THE PROBLEM: A word-for-word copy of all entries is required, without images.

DATA FOR REVIEW:
━━━━━━

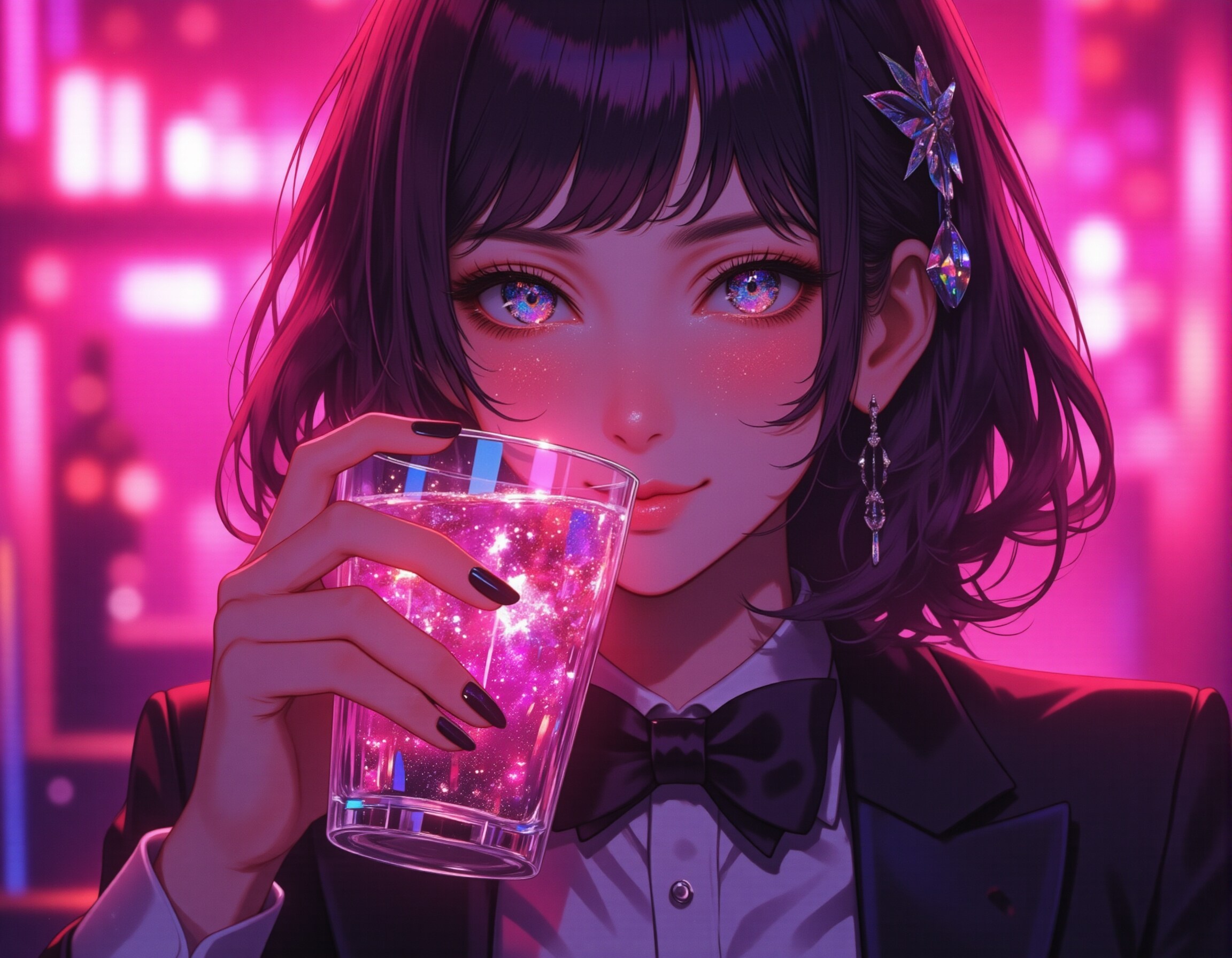 Steps: 30, Sampler: Euler, Schedule type: Simple, CFG scale: 1, Distilled CFG Scale: 3.5, Seed: 48091766, Size: 1152x896, Model hash: 2abace2516, Model: lyhAnimeFlux_v4Niji, Denoising strength: 0.4, ADetailer model: face_yolov8n.pt, ADetailer confidence: 0.3, ADetailer dilate erode: 4, ADetailer mask blur: 4, ADetailer denoising strength: 0.4, ADetailer inpaint only masked: True, ADetailer inpaint padding: 32, ADetailer version: 24.11.1, Hires upscale: 2, Hires steps: 10, Hires upscaler: 4x-UltraSharp, Lora hashes: "ral-crystalz: 04954de5fcad, ck-holographic-glitter-000015: 90aa4411c77a", Version: f2.0.1v1.10.1-previous-528-ge55cde9b, Diffusion in Low Bits: Automatic (fp16 LoRA), Module 1: ae, Module 2: clip_l, Module 3: t5xxl_fp16
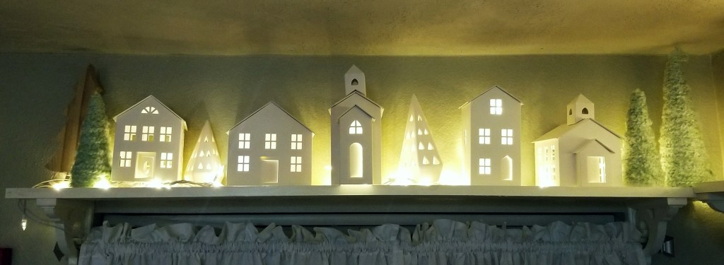 These houses are from Michael’s and I made the green trees with Styrofoam cones and green yarn. The white abstract trees were from Hobby Lobby.
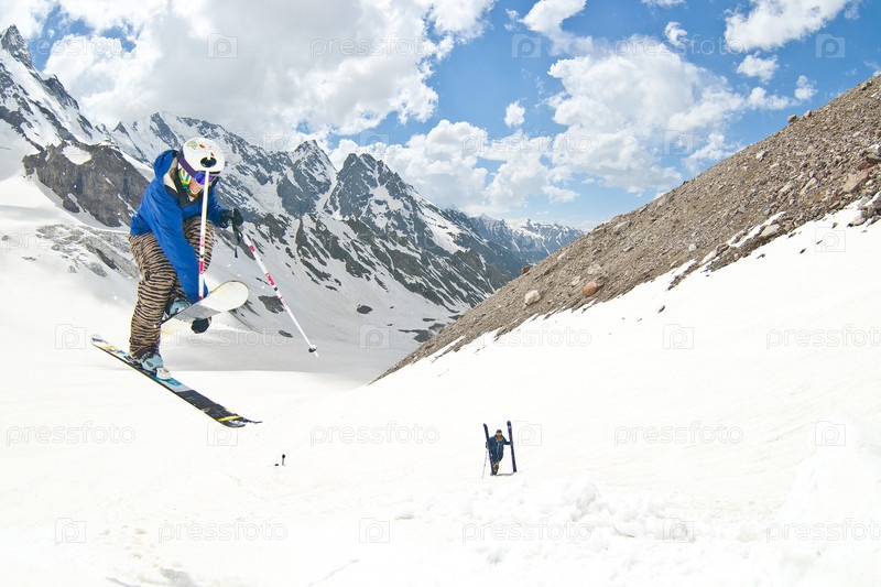 Фрирайдер в прыжке, Кавказ, лето
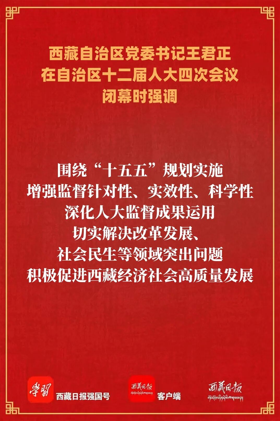 王君正指出,自治区十二届人大四次会议是一次实干兴藏、奋战开局、共谋新篇的大会。会议审议通过的“十五五”时期西藏自治区国民经济和社会发展规划纲要,深入贯彻了党的二十届四中全会精神,全面贯彻了习近平总书记关于西藏工作的重要指示和新时代党的治藏方略,把习近平总书记为西藏擘画的宏伟蓝图细化为“十五五”时期的具体目标任务,实化为确保“十五五”开好局起好步的各项工作举措,充分彰显了中国特色社会主义制度优势,集中体现了全区各族人民对美好生活的期盼向往,吹响了启航“十五五”、迈向新征程的奋斗号角。全区各级各部门和广大干部要深刻领悟“两个确立”的决定性意义,增强“四个意识”、坚定“四个自信”、做到“两个维护”,按照本次会议确定的目标任务,以高度的政治责任感和强烈的历史使命感,扎实围绕“四件大事”落实,推动长治久安和高质量发展,真正把宏伟蓝图变为美好现实。
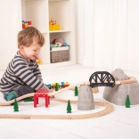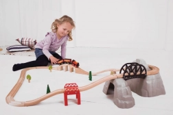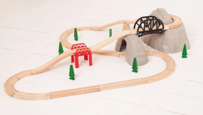 Ga op avontuur met deze houten treinset, die een prachtige bergroute biedt. De set bevat:
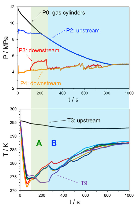 Top pane: pressure trend behavior for Experiment 27. The black line indicates the source bottle pressure, before the initial regulator, the blue line shows the pressure after the regulator but before the JT valve, the red and orange lines (overlapping) are the pressures downstream of the JT valve. Bottom pane: temperature trend behavior for the same experiment, where the black line indicates the upstream temperature and the remaining colors correspond to the temperature sensors shown in Figure 10. The water injection rate was 100 mL/min.

━━━━━━

COMPLETED EXERCISE:
 Steps: 30, Sampler: Euler, Schedule type: Simple, CFG scale: 1, Distilled CFG Scale: 3.5, Seed: 48091766, Size: 1152x896, Model hash: 2abace2516, Model: lyhAnimeFlux_v4Niji, Denoising strength: 0.4, ADetailer model: face_yolov8n.pt, ADetailer confidence: 0.3, ADetailer dilate erode: 4, ADetailer mask blur: 4, ADetailer denoising strength: 0.4, ADetailer inpaint only masked: True, ADetailer inpaint padding: 32, ADetailer version: 24.11.1, Hires upscale: 2, Hires steps: 10, Hires upscaler: 4x-UltraSharp, Lora hashes: "ral-crystalz: 04954de5fcad, ck-holographic-glitter-000015: 90aa4411c77a", Version: f2.0.1v1.10.1-previous-528-ge55cde9b, Diffusion in Low Bits: Automatic (fp16 LoRA), Module 1: ae, Module 2: clip_l, Module 3: t5xxl_fp16
 These houses are from Michael’s and I made the green trees with Styrofoam cones and green yarn. The white abstract trees were from Hobby Lobby.
 Фрирайдер в прыжке, Кавказ, лето
 王君正指出,自治区十二届人大四次会议是一次实干兴藏、奋战开局、共谋新篇的大会。会议审议通过的“十五五”时期西藏自治区国民经济和社会发展规划纲要,深入贯彻了党的二十届四中全会精神,全面贯彻了习近平总书记关于西藏工作的重要指示和新时代党的治藏方略,把习近平总书记为西藏擘画的宏伟蓝图细化为“十五五”时期的具体目标任务,实化为确保“十五五”开好局起好步的各项工作举措,充分彰显了中国特色社会主义制度优势,集中体现了全区各族人民对美好生活的期盼向往,吹响了启航“十五五”、迈向新征程的奋斗号角。全区各级各部门和广大干部要深刻领悟“两个确立”的决定性意义,增强“四个意识”、坚定“四个自信”、做到“两个维护”,按照本次会议确定的目标任务,以高度的政治责任感和强烈的历史使命感,扎实围绕“四件大事”落实,推动长治久安和高质量发展,真正把宏伟蓝图变为美好现实。
 Ga op avontuur met deze houten treinset, die een prachtige bergroute biedt. De set bevat:
 Top pane: pressure trend behavior for Experiment 27. The black line indicates the source bottle pressure, before the initial regulator, the blue line shows the pressure after the regulator but before the JT valve, the red and orange lines (overlapping) are the pressures downstream of the JT valve. Bottom pane: temperature trend behavior for the same experiment, where the black line indicates the upstream temperature and the remaining colors correspond to the temperature sensors shown in Figure 10. The water injection rate was 100 mL/min.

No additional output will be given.